After I posted my research question on the I-Search Paper Plan Padlet, I got a response from Professor Klann. She commented a very useful site where I managed to find both my primary sources. When I searched the website, there weren't many primary sources onWW2, but the two that I came across were very useful. The first primary source I chose was the first came up on a plane log of the "Enola Gay", the plane that piloted the Hiroshima bomb. . It took off from an island on the Northern Mariana Islands called Tinian in the Philippine Sea. It shoed the major time points of where the plane was and what it was doing. It dropped the bomb on 9:15 in Mishima, Hiroshima (the targeted area). By 10:52, the pilot could not see the mushroom cloud, "368 miles from Hiroshima, mushroom cloud no longer visible" (Hiroshima Log of the Enola Gay, https://www.atomicheritage.org/key-documents/hiroshima-log-enola-gay). It took precisely an hour and 37 minutes just for the pilot to not see the cloud, 368 miles away from the target. This showed me how relatively big the bomb was, and how devastating it would be.
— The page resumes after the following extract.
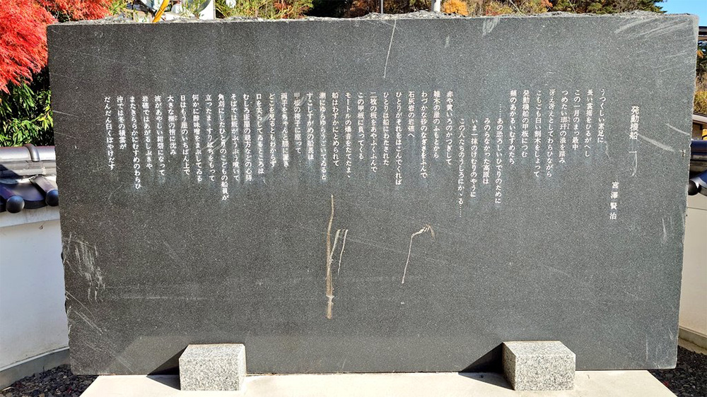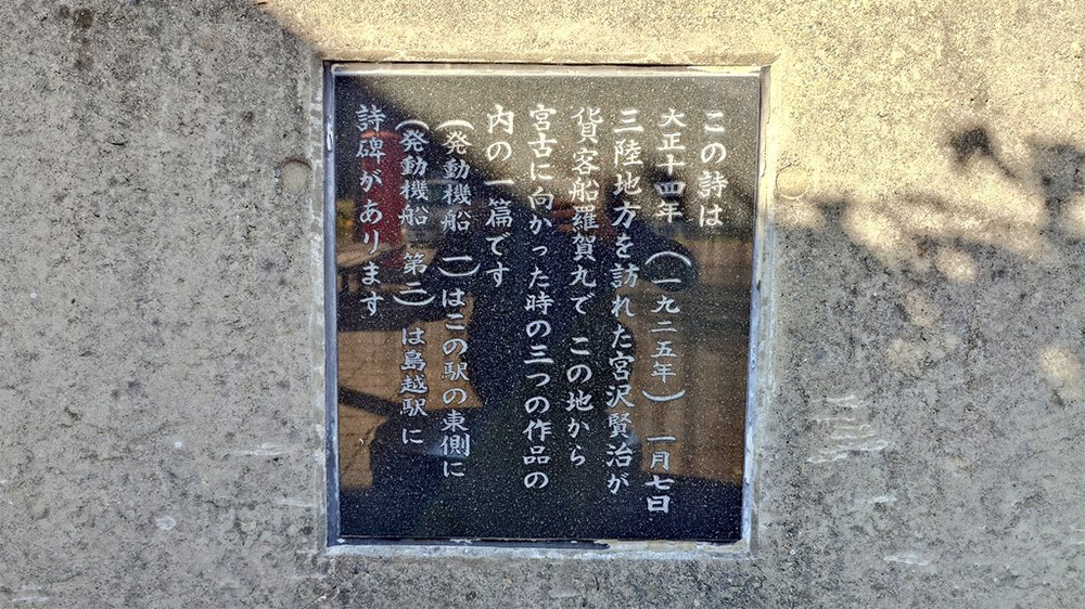 田野畑駅の「発動機船 三」と同じタイミングで建てられた双子の詩碑ですが、こちらの詩碑は東日本大震災で被災して破損。上部についていた発動機船の飾りも流されてしまいました。

The second primary source that I found was a declaration of surrender on a Japanese public broadcast to its citizens. As I read through it, I thought it was a basic surrender statement. However, in the middle of the statement, they talked about why they were surrendering. A quote from the broadcast shows this, "Moreover, the enemy has begun to employ a new and most cruel bomb, the power of which to damage is indeed incalculable, taking the toll of many innocent lives. Should we continue to fight, it would not only result in an ultimate collapse and obliteration of the Japanese nation, but also it would lead to the total extinction of human civilization." (The Jewel Voice Broadcast, https://www.atomicheritage.org/key-documents/jewel-voice-broadcast). They talk about that the reason that they surrendered was because "the enemy has begun to employ a new and most cruel bomb" I thought that if a government was willing to say that they surrendered because they were overpowered by another country, it meant something. I would think that the whole world would know obviously why they surrendered. What caught my eye, however, was when they said, "but also it would lead to the total extinction of human civilization." Were the bombs that devastating to them it would end human civilization?
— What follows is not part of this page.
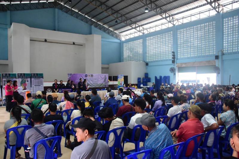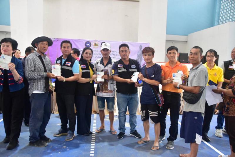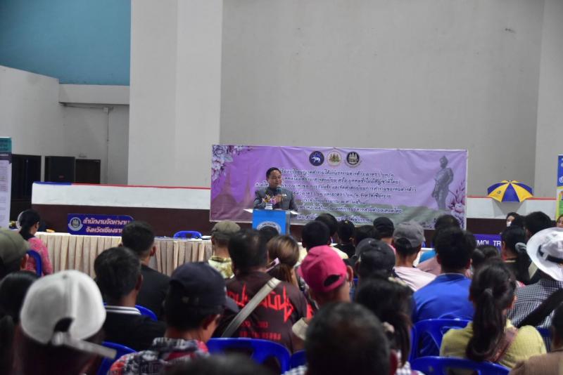 ร่วมมอบใบอนุญาตทำงานให้แก่แรงงานต่างด้าว มาตรา ๖๓/๑ (กลุ่มบุคคลไม่มีสถานะทางทะเบียน หรือ บุคคลซึ่งไม่มีสัญชาติไทย) ณ หอประชุมหมู่บ้านเทอดไทย

Before I started researching my research question, I already knew, as well as most people, that the atomic bombs were horrible. But after doing the research, it dawned on me just how bad it was. Thousands of entire families were vaporized in an instant, with thousands more to die from the nuclear winds. I was think how crazy it must be for a pilot to record all this data while knowing that they just dropped something that would wipe-out so many people. My research question was narrowed down a lot after knowing how broad it was. The atomic bombs that were dropped was a story in itself that I thought should be researched on its own.
My research question did change to a more specific question, as I stated before. It was answered from the primary sources that I found. Although after reading the sources I did have a few questions that I thought of. One, how did all bombers in WW2 feel when they were dropping bombs things that would kill clusters of families either in an instant or over time? Do all soldiers feel the same way after shooting other soldiers with their own families? And finally, when the Japanese government said that the bombs could wipe human civilization of both sides of the war kept using them, what say now with bombs MUCH stronger than the original Atomic bombs and how did people during the cold war with this realization feel that it could happen at any moment? All in all, the answer to my research question was the the affect of the atomic bombs were devastating to hundred of thousands of people, and it opened many doors of power too what was thought to be impossible to many governments, but was proven otherwise.
Hi Hamza! This was such a compelling post. I had never read or heard the statement that Japan made in their surrender and that they directly referenced the bomb itself. You brought up a lot of important questions in your last paragraph, that both @Joseph Custodio and @Julia D. referenced above--thinking critically about not just what happened when the bomb was dropped, but the larger psychological effects, the long-lasting effects on individual and community health, and the way that we remember this weapon. Great work with this one!